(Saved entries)
# # # # # # #

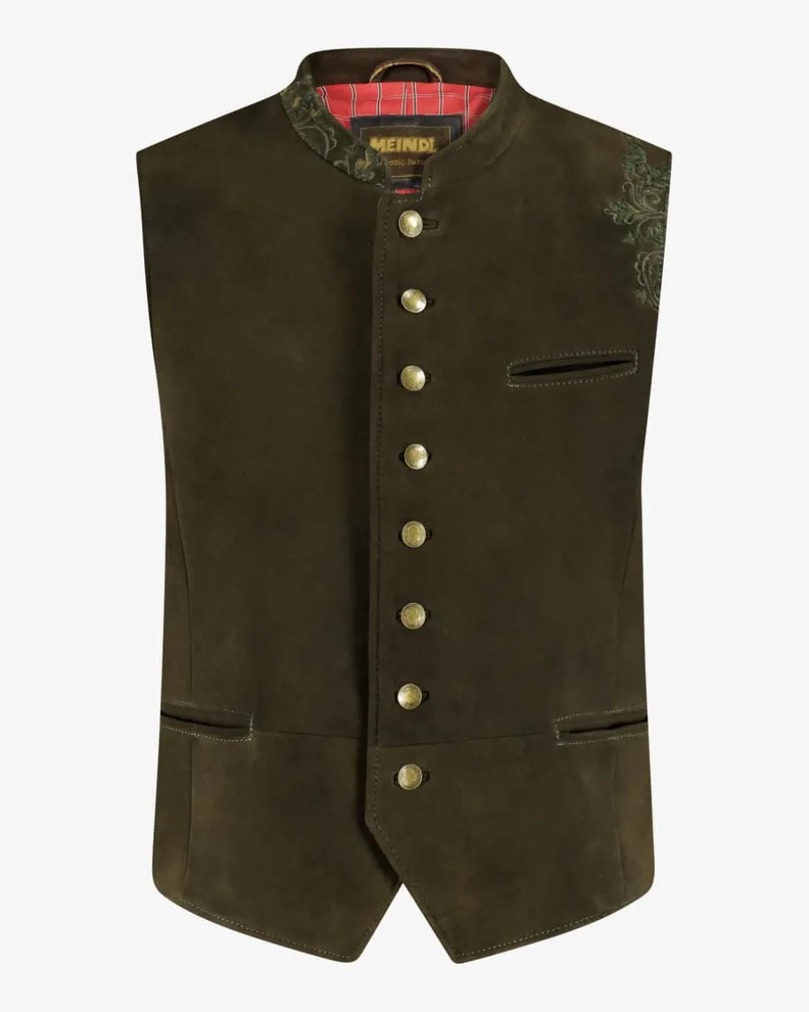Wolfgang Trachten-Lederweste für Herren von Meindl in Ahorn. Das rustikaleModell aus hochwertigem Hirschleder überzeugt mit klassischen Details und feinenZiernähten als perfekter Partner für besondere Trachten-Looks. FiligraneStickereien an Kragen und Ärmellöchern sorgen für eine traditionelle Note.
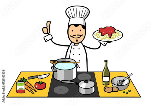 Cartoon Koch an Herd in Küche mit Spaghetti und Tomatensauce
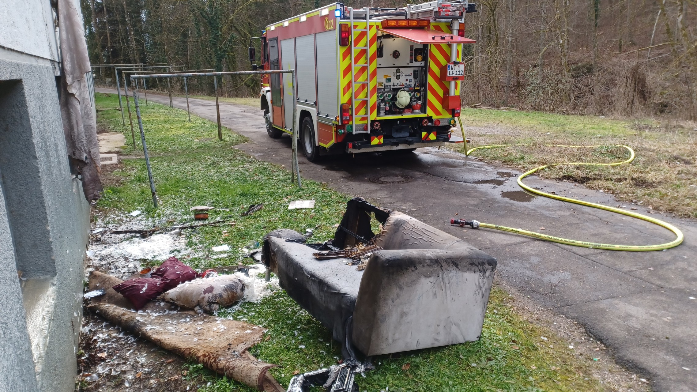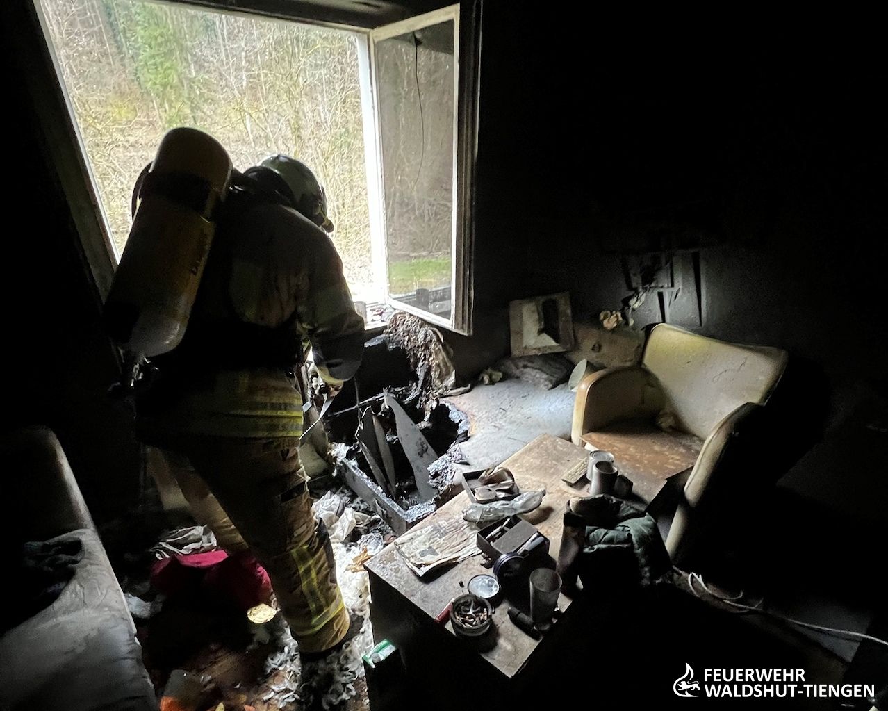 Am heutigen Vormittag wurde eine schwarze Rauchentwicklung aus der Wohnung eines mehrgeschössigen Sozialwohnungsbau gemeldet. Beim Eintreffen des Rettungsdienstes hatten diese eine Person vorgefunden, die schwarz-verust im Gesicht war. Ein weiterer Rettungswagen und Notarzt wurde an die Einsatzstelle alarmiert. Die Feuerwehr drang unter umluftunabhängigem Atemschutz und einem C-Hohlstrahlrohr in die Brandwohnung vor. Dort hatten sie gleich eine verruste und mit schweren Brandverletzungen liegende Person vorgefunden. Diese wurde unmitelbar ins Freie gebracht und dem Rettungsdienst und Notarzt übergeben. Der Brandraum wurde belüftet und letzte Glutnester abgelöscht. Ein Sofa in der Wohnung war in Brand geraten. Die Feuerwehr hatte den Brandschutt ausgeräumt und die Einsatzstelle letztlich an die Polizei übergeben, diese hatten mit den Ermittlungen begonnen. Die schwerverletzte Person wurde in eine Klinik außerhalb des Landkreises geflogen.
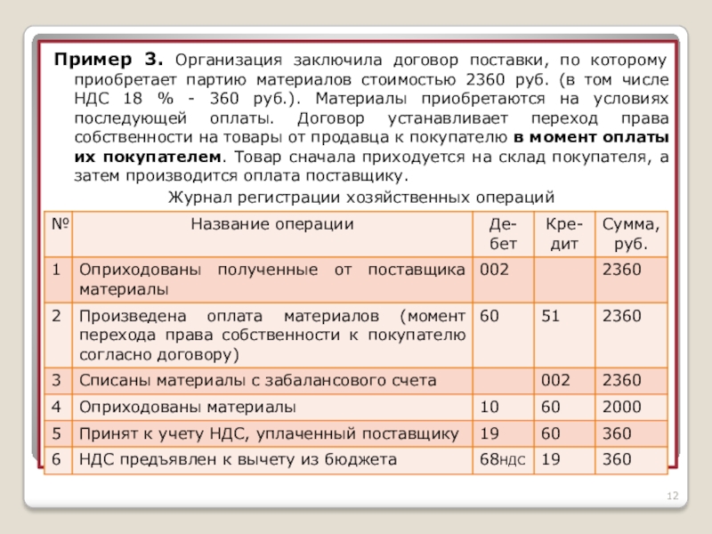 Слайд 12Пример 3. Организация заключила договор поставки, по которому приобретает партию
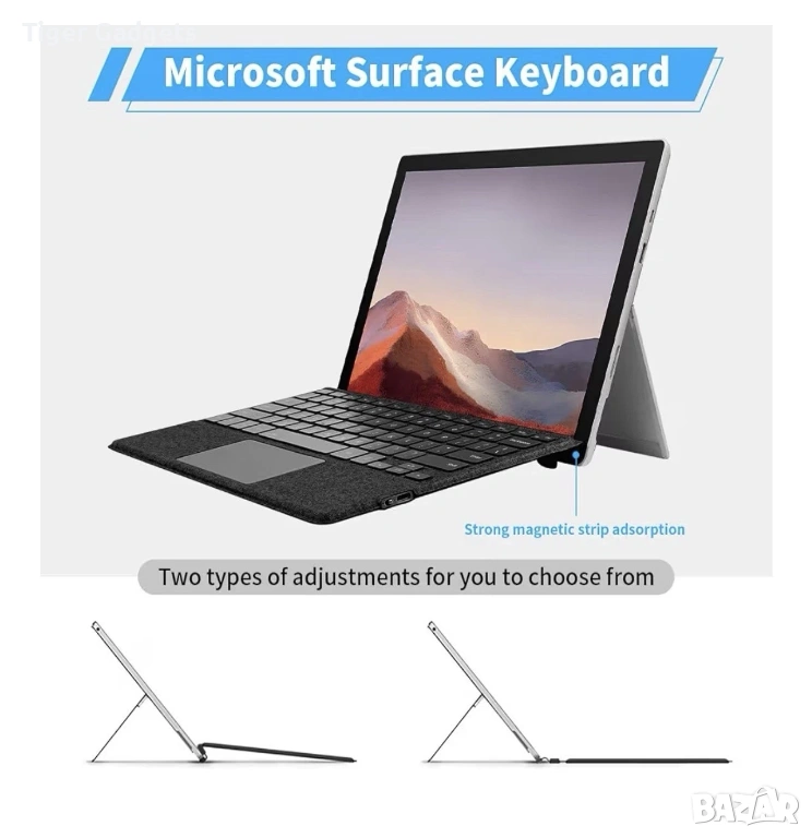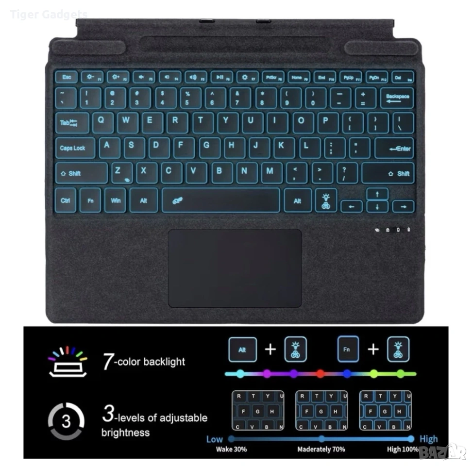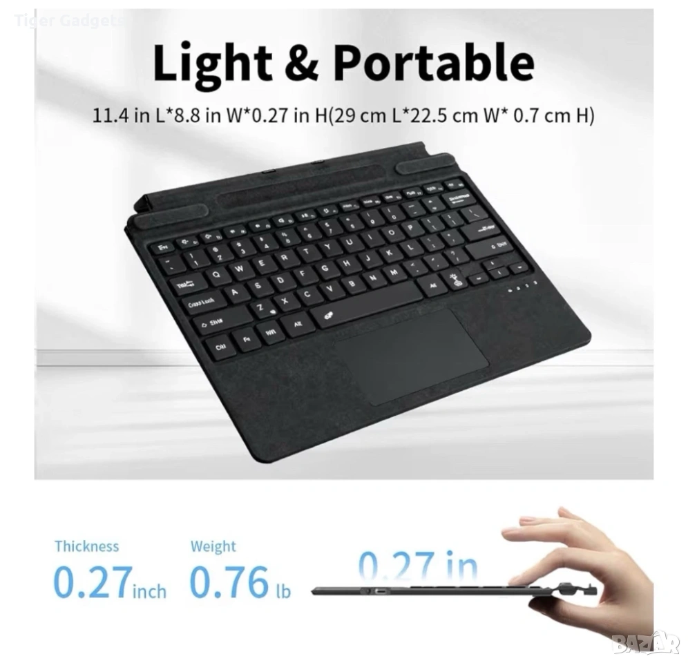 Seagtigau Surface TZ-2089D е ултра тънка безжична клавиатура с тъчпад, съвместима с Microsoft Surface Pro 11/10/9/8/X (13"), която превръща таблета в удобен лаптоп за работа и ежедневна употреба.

# # # # # # #

> Work item: Drop the pictures and give every line above again exactly.

> Task output:
Wolfgang Trachten-Lederweste für Herren von Meindl in Ahorn. Das rustikaleModell aus hochwertigem Hirschleder überzeugt mit klassischen Details und feinenZiernähten als perfekter Partner für besondere Trachten-Looks. FiligraneStickereien an Kragen und Ärmellöchern sorgen für eine traditionelle Note.
 Cartoon Koch an Herd in Küche mit Spaghetti und Tomatensauce
 Am heutigen Vormittag wurde eine schwarze Rauchentwicklung aus der Wohnung eines mehrgeschössigen Sozialwohnungsbau gemeldet. Beim Eintreffen des Rettungsdienstes hatten diese eine Person vorgefunden, die schwarz-verust im Gesicht war. Ein weiterer Rettungswagen und Notarzt wurde an die Einsatzstelle alarmiert. Die Feuerwehr drang unter umluftunabhängigem Atemschutz und einem C-Hohlstrahlrohr in die Brandwohnung vor. Dort hatten sie gleich eine verruste und mit schweren Brandverletzungen liegende Person vorgefunden. Diese wurde unmitelbar ins Freie gebracht und dem Rettungsdienst und Notarzt übergeben. Der Brandraum wurde belüftet und letzte Glutnester abgelöscht. Ein Sofa in der Wohnung war in Brand geraten. Die Feuerwehr hatte den Brandschutt ausgeräumt und die Einsatzstelle letztlich an die Polizei übergeben, diese hatten mit den Ermittlungen begonnen. Die schwerverletzte Person wurde in eine Klinik außerhalb des Landkreises geflogen.
 Слайд 12Пример 3. Организация заключила договор поставки, по которому приобретает партию
 Seagtigau Surface TZ-2089D е ултра тънка безжична клавиатура с тъчпад, съвместима с Microsoft Surface Pro 11/10/9/8/X (13"), която превръща таблета в удобен лаптоп за работа и ежедневна употреба.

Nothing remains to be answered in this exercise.